■ **Records shown**:
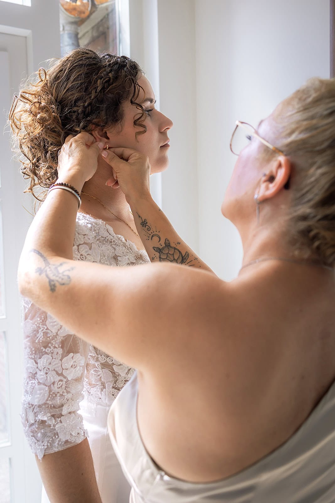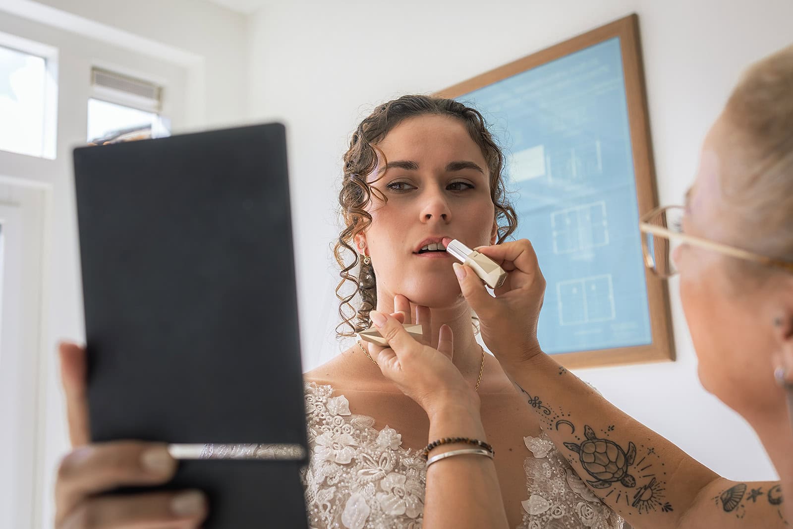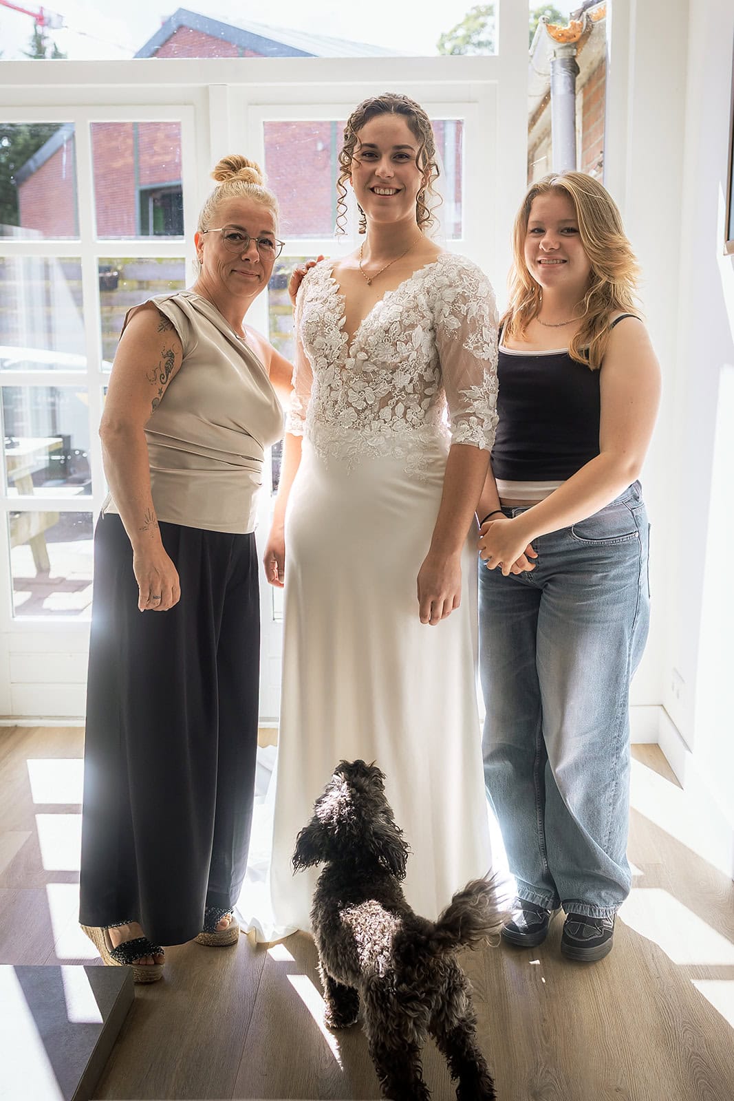 De ochtend begon rustig en ontspannen bij Nienke thuis. Alleen Nienke haar kapper en de dochter van de kapper waren aanwezig. Ik vind het altijd belangrijk om het bruidspaar eerst even op hun gemak te laten komen. Terwijl zij verder gingen met het klaarmaken begon ik met het vastleggen van haar jurk en de mooie details. Toen ik de jurk buiten ophing kwam de hond nieuwsgierig kijken en dat leverde een onverwacht leuke foto op. Een beeld dat straks echt een herinnering voor altijd is.
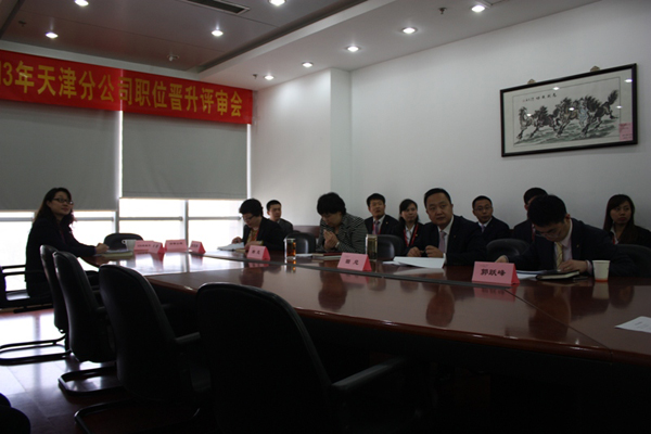 2013年4月24日,泰康人寿天津分公司职位晋升评审会顺利召开。此次会议得到了分公司总经理室的高度重视和大力支持,总经理室成员、县域发展部经理郭跃峰、客户服务部经理左志华作为评委出席评审现场,人力资源部经理么洁作为HR观察员一同出席,来自各部门、各机构的18名伙伴参加了本次职位晋升评审会。
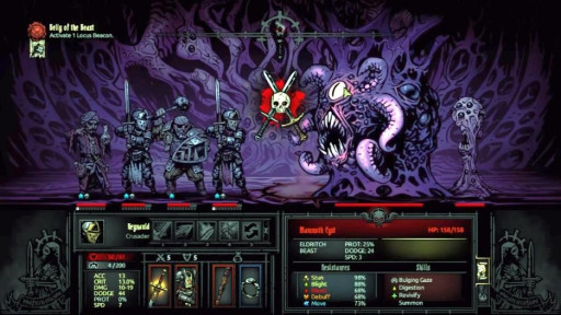 The parasite on this eldritch beast is the first boss in the Darkest Dungeon. He will spawn with a Priest present and will bring in new enemies once you eliminate that Priest. As his name indicates, he will shuffle your party around and also do massive stress damage.
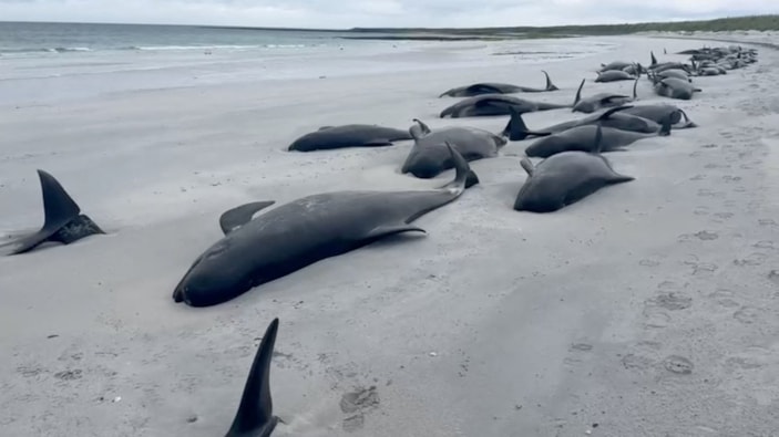 İskoçya'da kıyıya vuran 77 balinanın tamamı öldü
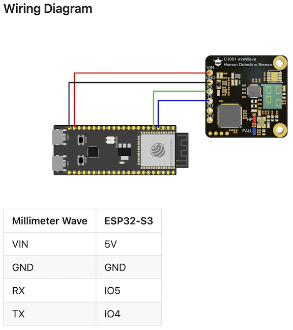 The power requirements for the C1001 are 5V and it consumes under 100mA, plenty for the onboard LDO except that is 3.3V. The DFRobot website has a really nice integration guide for the C1001, though it looks like it is connecting to a 5v controller. The ESP32-C6 is a 3.3v chip, as is the ESP32-S3 which is used in their wiring diagram. I found information about the UART voltage level on this site: UART Interface: 3.3 V TTL @ 115 200 bps.
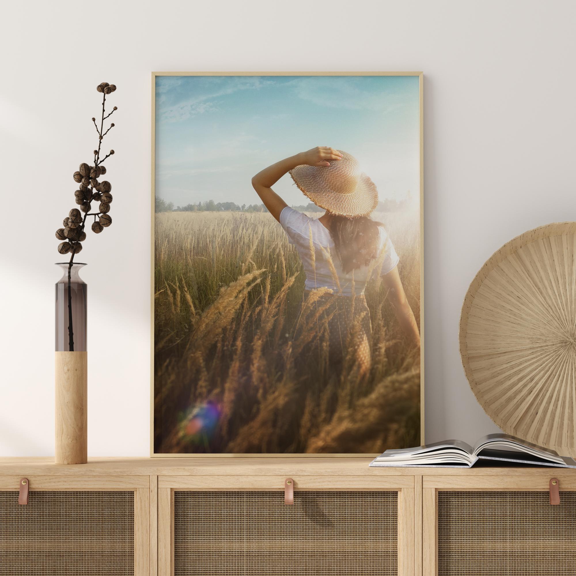 Μια χαλαρωτική και φρέσκια εκτύπωση μιας γυναίκας με ψάθινο καπέλο στα χωράφια με σιτάρι. Ο όμορφος μπλε ουρανός συναντά το χρυσό χωράφι με σιτάρι. Με το χέρι στο κεφάλι της, μια νεαρή γυναίκα περπατάει στα χωράφια και απολαμβάνει τον καθαρό αέρα. Μια τέλεια αφίσα για όλους που εκτιμούν την ομορφιά της φύσης.

■ **Work order**:
Please repeat the lines above from the line containing "The parasite on" through the final line, both included, exactly as they stand and without pictures.

■ **Answer box**:
 The parasite on this eldritch beast is the first boss in the Darkest Dungeon. He will spawn with a Priest present and will bring in new enemies once you eliminate that Priest. As his name indicates, he will shuffle your party around and also do massive stress damage.
 İskoçya'da kıyıya vuran 77 balinanın tamamı öldü
 The power requirements for the C1001 are 5V and it consumes under 100mA, plenty for the onboard LDO except that is 3.3V. The DFRobot website has a really nice integration guide for the C1001, though it looks like it is connecting to a 5v controller. The ESP32-C6 is a 3.3v chip, as is the ESP32-S3 which is used in their wiring diagram. I found information about the UART voltage level on this site: UART Interface: 3.3 V TTL @ 115 200 bps.
 Μια χαλαρωτική και φρέσκια εκτύπωση μιας γυναίκας με ψάθινο καπέλο στα χωράφια με σιτάρι. Ο όμορφος μπλε ουρανός συναντά το χρυσό χωράφι με σιτάρι. Με το χέρι στο κεφάλι της, μια νεαρή γυναίκα περπατάει στα χωράφια και απολαμβάνει τον καθαρό αέρα. Μια τέλεια αφίσα για όλους που εκτιμούν την ομορφιά της φύσης.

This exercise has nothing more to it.